### Work to complete:
Leave out the pictures and repeat the data exactly.

### Recorded data:
------------
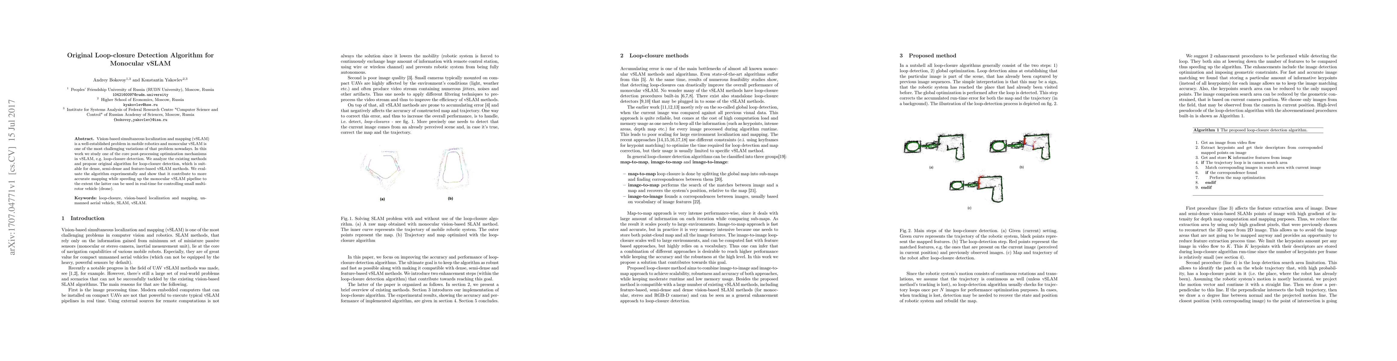 This paper proposes an original loop-closure detection algorithm for monocular vSLAM, enhancing the accuracy of mapping and enabling real-time application in small multi-rotor vehicles. Experimental evaluations demonstrate its effectiveness in dense, semi-dense, and feature-based vSLAM methods.
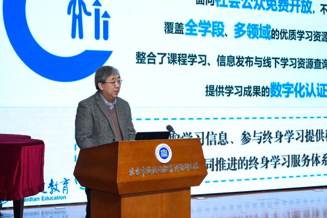 唐建东围绕“回望来路 夯实根基:构建全域终身学习系统”“聚焦当下 协同发力:开创终身学习实践新局面”“面向未来 提质增效:持续实现全方位自我超越”三个方面作海淀区2025年全民终身学习工作主旨报告,结合先进典型案例总结了一年来海淀区学习型城区建设的经验与成果。未来,海淀区教委将继续为区域市民提供优质学习机会,丰富文化资源供给,与社会各界并肩前行,在数字赋能学习方面进行升级,为北京国际科技创新中心核心区高水平建设注入海淀动能。
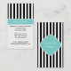 Black White Stripe Turquoise Ribbon Name Monogram Business Card
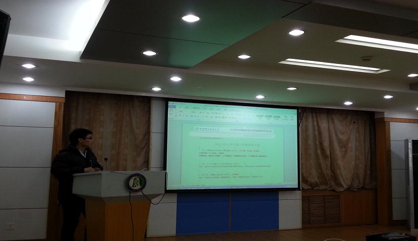 然后,会议进行了经验分享的部分。由实验室研究生会的干部对前段时候的工作、生活和科研的经验进行了总结和分享。首先,由吴志博、傅立碧分别对元旦晚会和一二九合唱比赛进行的工作总结,分析工作的得与失。然后,付阳阳和张阳树跟大家分享了时间管理的经验,教大家如何在方法和实践两方面进行有效的时间管理。最后,胡郡郡分享了她参加龙井河拉练和上海马拉松赛的经历,让大家懂得了运动的快乐和坚持的真义。
------------
### Output:
 This paper proposes an original loop-closure detection algorithm for monocular vSLAM, enhancing the accuracy of mapping and enabling real-time application in small multi-rotor vehicles. Experimental evaluations demonstrate its effectiveness in dense, semi-dense, and feature-based vSLAM methods.
 唐建东围绕“回望来路 夯实根基:构建全域终身学习系统”“聚焦当下 协同发力:开创终身学习实践新局面”“面向未来 提质增效:持续实现全方位自我超越”三个方面作海淀区2025年全民终身学习工作主旨报告,结合先进典型案例总结了一年来海淀区学习型城区建设的经验与成果。未来,海淀区教委将继续为区域市民提供优质学习机会,丰富文化资源供给,与社会各界并肩前行,在数字赋能学习方面进行升级,为北京国际科技创新中心核心区高水平建设注入海淀动能。
 Black White Stripe Turquoise Ribbon Name Monogram Business Card
 然后,会议进行了经验分享的部分。由实验室研究生会的干部对前段时候的工作、生活和科研的经验进行了总结和分享。首先,由吴志博、傅立碧分别对元旦晚会和一二九合唱比赛进行的工作总结,分析工作的得与失。然后,付阳阳和张阳树跟大家分享了时间管理的经验,教大家如何在方法和实践两方面进行有效的时间管理。最后,胡郡郡分享了她参加龙井河拉练和上海马拉松赛的经历,让大家懂得了运动的快乐和坚持的真义。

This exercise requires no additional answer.